Hon. Hillary Clinton, Democratic Presidential Nominee
Hillary Clinton will draw on her experience as Secretary of State as the U.S. reacts to Brexit negotiations. A Clinton Administration will be much more inclined to embrace the trend that emerged after the 2008 financial crisis of greater international cooperation on financial regulation. A likely hallmark of Hillary Clinton’s approach is an emphasis on collaborating with international economic powers to reduce risks to the stability of the global financial markets. In this regard, a Clinton Administration will probably be receptive to engaging international regulatory bodies on heightened global capital requirements for financial institutions and on more stringent margin and collateral rules for securities and derivatives transactions. Additionally, Hillary Clinton has advocated in favor of international regulations for resolving globally active financial institutions that could pose a risk to the financial system and called for an expansion of the authority of regulators to police financial market activity, including providing them additional authority to address risky activity in the “shadow banking” sector.

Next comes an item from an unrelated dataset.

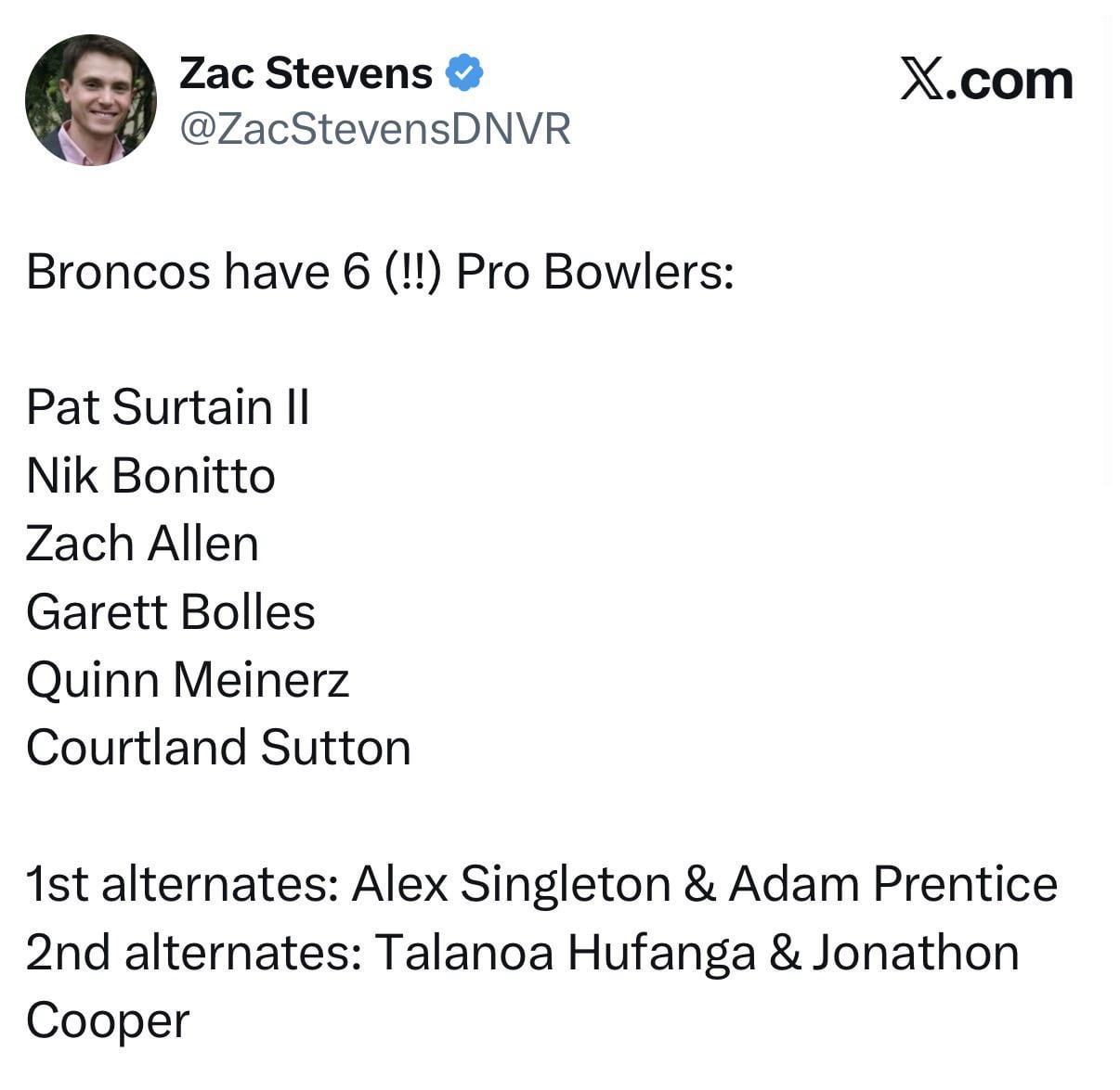 [Stevens] Broncos have 6 (!!) Pro Bowlers: Patrick Surtain II, Nik Bonitto, Zach Allen, Garrett Bolles, Quinn Meinerz, Cortland Sutton. 1st alternates: Alex Singleton & Adam Prentice. 2nd alternates: Talanoa Hufanga & Jonathon Cooper

Donald Trump, Republican Presidential Nominee
If Donald Trump wins the election, his nationalistic policy agenda will probably place far less emphasis on international financial regulation. More specifically, a Trump Administration will likely shun the macro-prudential framework set forth by the FSB and the G-20. A Trump Administration may also revisit financial markets regulation with an eye toward U.S. competitiveness. While the Republican Party platform included a provision calling for the resurrection of the Glass-Steagall Act, Republicans are unlikely to pursue this as a policy objective. More likely, the House Republican financial reform proposals, principally House Financial Services Committee Chairman Rep. Jeb Hensarling’s (R-TX) Financial CHOICE Act, will be the foundation for any financial reforms in a Trump Administration.
What Can Be Done?
These turbulent times will produce winners and losers on both sides of the Atlantic. Accordingly, government relations efforts to favorably influence policy outcomes will be an integral component of every successful strategic business plan. That requires a deep understanding of the nuts and bolts of the relevant issues and relationships with key policymakers in the U.S., UK, EU so they can receive the best input on the merits of competing regulatory alternatives.